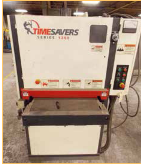
TIMESAVERS WOOD BELT SANDERS
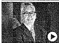
Former University Dean Trampled to Death by Elephant
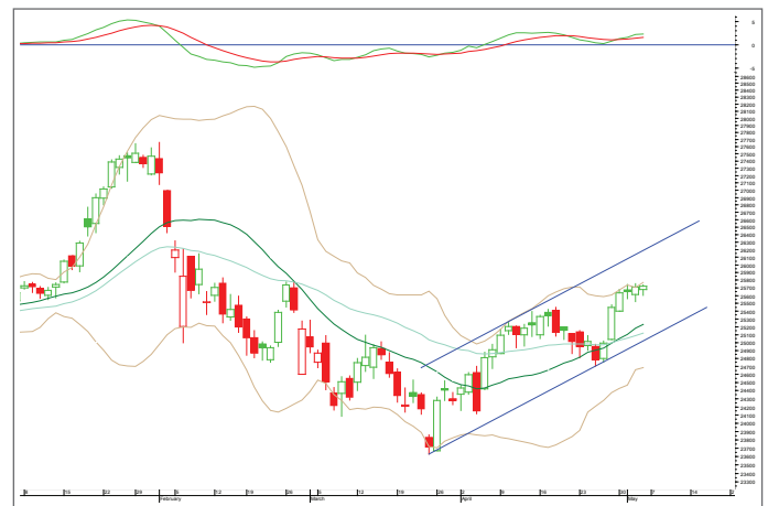
Bank Nifty Daily
· · · · ·
#### Exercise directions
Keeping pictures out, repeat exactly the lines from the one containing "Former University Dean" through the end of the listing.

#### Worked solution
Former University Dean Trampled to Death by Elephant
Bank Nifty Daily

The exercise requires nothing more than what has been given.